Base class for polyhedra: Methods related to lattice points#

class sage.geometry.polyhedron.base2.Polyhedron_base2(parent, Vrep, Hrep, Vrep_minimal=None, Hrep_minimal=None, pref_rep=None, mutable=False, **kwds)#

Bases: sage.geometry.polyhedron.base1.Polyhedron_base1

Methods related to lattice points.

See sage.geometry.polyhedron.base.Polyhedron_base.

get_integral_point(index, **kwds)#

Return the index-th integral point in this polyhedron.

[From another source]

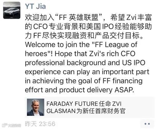 在得知此消息之后,贾跃亭在社交平台上激动发声:欢迎加入“FF 英雄联盟”,希望Zvi丰富的CFO专业背景和美国IPO经验能够助力FF尽快实现融资和产品交付目标。

This is equivalent to sorted(self.integral_points())[index]. However, so long as integral_points_count() does not need to enumerate all integral points, neither does this method. Hence it can be significantly faster. If the polyhedron is not compact, a ValueError is raised.

INPUT:

index – integer. The index of the integral point to be found. If this is not in [0, self.integral_point_count()), an IndexError is raised.
**kwds – optional keyword parameters that are passed to integral_points_count().

ALGORITHM:

The function computes each of the components of the requested point in turn. To compute x_i, the ith component, it bisects the upper and lower bounds on x_i given by the bounding box. At each bisection, it uses integral_points_count() to determine on which side of the bisecting hyperplane the requested point lies.

See also

integral_points_count().

EXAMPLES:

sage: P = Polyhedron(vertices=[(-1,-1),(1,0),(1,1),(0,1)])
sage: P.get_integral_point(1)
(0, 0)
sage: P.get_integral_point(4)
(1, 1)
sage: sorted(P.integral_points())
[(-1, -1), (0, 0), (0, 1), (1, 0), (1, 1)]
sage: P.get_integral_point(5)
Traceback (most recent call last):
...
IndexError: ...

sage: Q = Polyhedron([(1,3), (2, 7), (9, 77)])
sage: [Q.get_integral_point(i) for i in range(Q.integral_points_count())] == sorted(Q.integral_points())
True
sage: Q.get_integral_point(0, explicit_enumeration_threshold=0, triangulation='cddlib')  # optional - latte_int
(1, 3)
sage: Q.get_integral_point(0, explicit_enumeration_threshold=0, triangulation='cddlib', foo=True)  # optional - latte_int
Traceback (most recent call last):
...
RuntimeError: ...

sage: R = Polyhedron(vertices=[[1/2, 1/3]], rays=[[1, 1]])
sage: R.get_integral_point(0)
Traceback (most recent call last):
...
ValueError: ...

h_star_vector()#

Return the $h^{*}$ -vector of the lattice polytope.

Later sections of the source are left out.